The biology of tumor-associated macrophages (TAM) has received increasing attention over the last decade as immunotherapies have taken center stage in cancer treatment. The emerging consensus is that TAM are abundant, are recruited primarily from bone marrow (myeloid origin)¹ and the vast majority of these cells are immunosuppressive and support and enable tumor growth. Conversely, a much smaller subtype of TAM (“M1-like”; M9)² have anti-tumor effects. However, consensus on which TAM phenotypes have optimal anti-tumor function remains uncertain.^3-6 Therefore, manipulation and reprogramming of TAM could enable improved disease control in patients where TAM are abundant and functionally active.

Various therapeutic options exist to modulate TAM function (myeloid therapeutics), including elimination, containment, or suppression of tumor-promoting macrophages, amplification or activation of anti-tumor macrophages, subtype switching, or any combinations.^{1, 7-10} Most therapeutic approaches today are based on antibodies targeting cell surface proteins (CSF1-R, CD40, TREM2, CD47) or small molecules targeting growth factors (CSFR1).^{8, 11} A less explored option is to harness the phagocytic function of TAM to efficiently deliver small-molecule immune modulators and thus improve the therapeutic index of those drugs. Most prior research has used nano-formulations to deliver small-molecule toll-like receptor (TLR) and cGAS/stimulator of interferon genes (STING) pathway agonists to TAM. Some of these nano-formulations have shown anti-tumor efficacy in mouse models of cancer^12-17 while others have limited efficacy.^{18, 19} and/or exhibit unacceptable systemic toxicity.²⁰ The diverging efficacy data are not entirely unexpected and are evidence that we still do not fully understand TAM function and re-programmability. This is on top of the emerging realization that i) TAM are plastic, ii) have multiple phenotypic states, and iii) have redundant wiring mechanisms to escape therapeutic pressures.

In highly active antiretroviral therapy for AIDS, combinations of three or more antiretroviral drugs control the virus, whereas using one or two drugs alone often results in treatment failure and the development of drug resistance.
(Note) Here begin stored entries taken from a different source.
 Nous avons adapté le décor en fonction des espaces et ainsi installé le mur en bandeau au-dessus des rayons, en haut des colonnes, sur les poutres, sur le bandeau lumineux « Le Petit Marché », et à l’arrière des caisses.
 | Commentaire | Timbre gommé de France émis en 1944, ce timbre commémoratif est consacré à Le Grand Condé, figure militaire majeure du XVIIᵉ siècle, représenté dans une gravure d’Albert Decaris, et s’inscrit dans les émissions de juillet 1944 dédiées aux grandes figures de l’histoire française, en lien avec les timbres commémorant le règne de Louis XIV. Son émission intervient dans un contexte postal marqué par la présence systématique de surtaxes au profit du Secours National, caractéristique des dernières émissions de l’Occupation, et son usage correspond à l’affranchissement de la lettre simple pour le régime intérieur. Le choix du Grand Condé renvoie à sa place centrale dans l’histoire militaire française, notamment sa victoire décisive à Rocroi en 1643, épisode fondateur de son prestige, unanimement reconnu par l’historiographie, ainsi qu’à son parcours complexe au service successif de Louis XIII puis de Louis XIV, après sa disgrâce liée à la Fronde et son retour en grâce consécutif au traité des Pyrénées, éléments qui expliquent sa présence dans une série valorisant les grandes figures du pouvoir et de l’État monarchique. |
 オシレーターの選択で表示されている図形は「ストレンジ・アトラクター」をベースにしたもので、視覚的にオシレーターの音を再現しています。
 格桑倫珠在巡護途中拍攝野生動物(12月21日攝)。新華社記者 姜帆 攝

We hypothesized that a similar combination treatment strategy could bypass the limited success of previous TAM-directed monotherapies in cancer by packaging multiple small-molecule immune pathway modulators into the same nanoparticle. We also argued that selective pharmacological manipulation of TAM could lead to other drug-induced TAM phenotypes, generally not seen with natural biological polarization. A number of different anti-tumor TAM phenotypes have been identified by profiling, immunohistochemistry, scRNAseq and other methods. These “M1-like”^{21, 22} phenotypes include i) IL-12 producing TAM,^23-25 ii) CXCL9 producing TAM^26-28 among a few select others. Given the prominence of the interleukin (IL)-12 program, we used it in the current study (Fig. 1; Fig. S20).

Fig. 1: Highly effective myeloid therapy (HAMT).
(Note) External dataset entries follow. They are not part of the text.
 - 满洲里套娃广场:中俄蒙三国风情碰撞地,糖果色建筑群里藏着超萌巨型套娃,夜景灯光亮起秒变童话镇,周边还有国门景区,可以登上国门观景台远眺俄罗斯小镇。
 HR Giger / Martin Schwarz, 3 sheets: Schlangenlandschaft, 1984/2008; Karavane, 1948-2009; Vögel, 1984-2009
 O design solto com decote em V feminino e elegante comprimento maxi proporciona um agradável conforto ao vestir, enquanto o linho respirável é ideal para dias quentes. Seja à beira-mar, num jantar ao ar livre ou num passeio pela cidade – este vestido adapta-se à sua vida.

A. Proof-of-concept scheme consisting of a myeloid cell targeting carbohydrate nanoparticle containing a triple therapeutic payload to affect the wiring of tumor-associated macrophages. B. In this work, we show that targeting three pathways (TLR (red dot), non-canonical NF-κB (dark blue dot), and JAK/STAT (light blue dot) is synergistic and drives macrophages toward a distinctive phenotype resulting in high IL-12 production and T cell priming. Overall pathways towards an M1 phenotype are activated (green check marks) and pathways towards an immunosuppressive M2 phenotype (red stop sign) are turned off. The increased IL-12 production, jumpstarts an effective anti-tumor T cell response. See Fig. S20 for detail.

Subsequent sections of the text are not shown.